Потом комбат подошел к доктору вплотную, взгляд в взгляд.
— Осуждаешь? — спросил и глазами впился. Доктор не ответил, но взгляда не отвел. — Мне это Овсянниково вот где стоит, — продолжил комбат и рукой по горлу. — На всех совещаниях меня склоняют. Побольше бы огонька — взяли бы. Почти совсем подобрались. Надо было… Понимаешь — надо!
— Кому? — спросил доктор и, резко повернувшись, ушел в перевязочную.
Комбат постоял еще немного, хотел было сказать что-то вослед, потом махнул рукой, буркнул про себя что-то и громко Кате:
— Катя, пойдем! — И ушли они.
В избе кто стонет, кто бредит, кто матерится от боли, а один боец, когда комбат ушел, сказал:
— Красиво, черт, шел… Комбат-то наш. Красиво.
— Что толку, — другой в ответ.
— Нет, красиво шел, черт чернявый, красиво.
Опять вышла на крыльцо Ефимия Михайловна…
Стрельба редкая с передовой все еще доносилась, и ракеты шпарили густо. Все небо над Овсянниковом в голубых вспышках, словно марево. И трассирующие нет-нет да прочертят небосклон красными точками.
Вышел и доктор. Закурил и на небо тоже уставился.
— Мучаешься, Михайловна?
— Мучаюсь, Васильевич. — Стали они так звать друг друга недавно. — Если живой Ванечка, прислал бы с кем весточку…

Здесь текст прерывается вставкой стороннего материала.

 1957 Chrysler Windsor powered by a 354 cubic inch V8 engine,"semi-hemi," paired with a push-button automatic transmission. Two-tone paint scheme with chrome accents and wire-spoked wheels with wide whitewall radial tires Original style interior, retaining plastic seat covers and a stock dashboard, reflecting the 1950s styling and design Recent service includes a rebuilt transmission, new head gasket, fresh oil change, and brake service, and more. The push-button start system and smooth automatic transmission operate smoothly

— Да куда там, в заварухе. Не до того, наверное, было.
— Ну как же, должен все-таки о матери подумать. Нет, чует мое сердце — не живой он уже.

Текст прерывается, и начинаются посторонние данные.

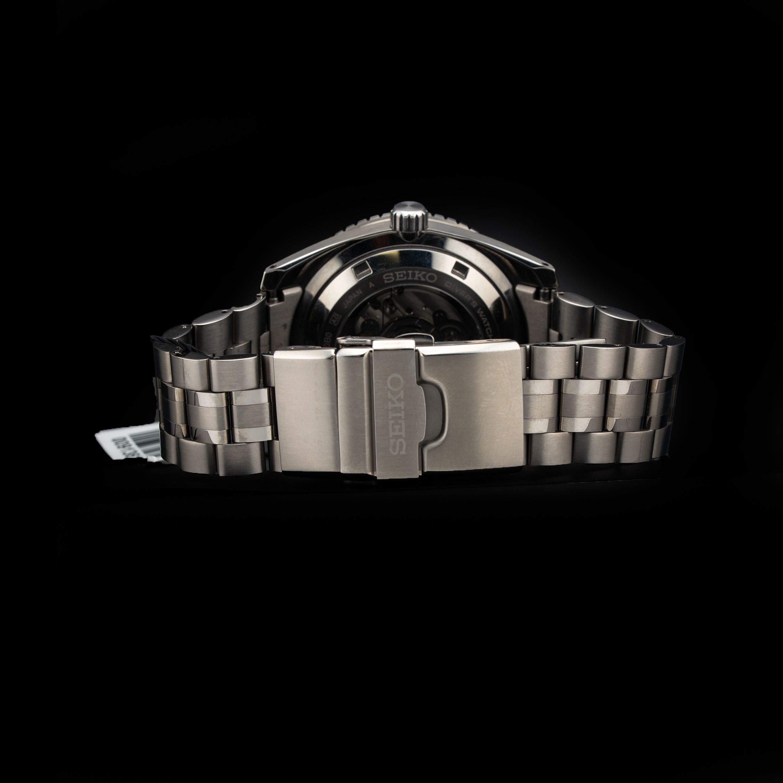 This watch features a 39mm stainless steel case on stainless steel bracelet. This watch also sports a black dial. Powered by a mechanical automatic movement. Water resistance up to 200 meters.

Доктор затянулся несколько раз сильно. Разгорелась самокрутка и лицо его усталое осветила.
— Вот что, Михайловна. Могу я послать санитара на передовую, чтоб про твоего Ваню узнать, но… сама понимаешь… Попросить могу. Не приказать — попросить. Вот сама решай. Убьет его — на нашей с тобой совести будет…
Задумалась Ефимия Михайловна. Нет, не может она ради своего спокойства чьей-то жизнью рисковать. Не может. Так и ответила:
— Нет, Васильевич, на такое дело права у нас с тобой нет.
— Потерпи до утра, Михайловна. Утром и писаря будут приходить со строевыми записками, и раненые после налета утреннего. С кем-нибудь твой Иван и даст о себе знать. На том и порешили?
— Больше нечего делать.
— А теперь идем спать. Ту ночку не спали. Наверное, с ног валишься?
С трудом до своей лежанки добралась, по всей избе на полу друг к другу впритык лежали раненые. Залезла, накрылась полушубком, и забил ее вдруг озноб, хотя печь-то была горячая, цельный день топили, и подумалось — не Ванин ли озноб ей передается, не лежит ли он на поле, еще живой, но замерзающий, не зовет ли мать губами захолодалыми? А как подумала это, уже спокою не было никакого — ясно виделся ей Ваня на овсянниковском поле.
— Пойду, — решила она. — Пойду. — И как решила, уже знала — ничто ее не остановит.
Оделась она прямо на печи. Ноги в валенки сунула, полушубок надела, спустилась с лежанки и тихо, чтоб не потревожить кого, прошла между ранеными, мимо дневального, что в сенях дремал. Как-то невольно пакет с бинтом, что на столе лежал, захватила и положила в карман полушубка. И озноб ее сразу прошел, как рукой сняло.
Дорога ей, конечно, знакомая, да и тропки на передовую протоптаны. Только где и как она будет искать Ваню — пока не представляла. Лес, из которого наступление вели, версты на две тянется. Одним концом к Усову подходит, другим в Паново упирается. Но раз наступление на Овсянниково было — к нему и пойдет, то есть к тому куску леса, что напротив Овсянникова располагается.
Пока по подлеску шла, с неба, ракетами рассвеченного, падал снег, но в самом лесу темно стало. Но тропка все же была видна.
Кое-где в стороне от тропки шалаши стояли. В них, значит, наше войско и обретается. Из иного дымок вьется — греются ребятки.
Боялась она, что остановят ее по дороге, но никого ей не встречалось. Если посты и есть, которые бодрствуют, то у опушки, а тут, с тылу, охранять нечего.
Лес этот она как свои пять пальцев знает. С детства в нем и ягоды и грибы собирала, хотя ночью в нем ни разу, конечно, не бывала. Ночью он какой-то другой. И деревьев побитых много и воронок.
Вот и поле сквозь деревья проглядывается… Голубится от ракет. Но ракет-то все меньше и меньше. Шалашей здесь у края много, но она их обходить старалась.
Один обходя, чуть не ступила ногой на убитого… Упало сердце, не Ванечка ли? Нагнулась, повернула (лежал он лицом уткнувшись) — нет, незнакомый.
Потом и еще и еще ей солдатики убитые на глаза попадались. И к каждому подходила со страхом, каждого оглядывала…
Но вот и к краю самому подошла — развернулось перед ней овсянниковское поле, развороченное снарядами, с тремя танками подбитыми — на середке.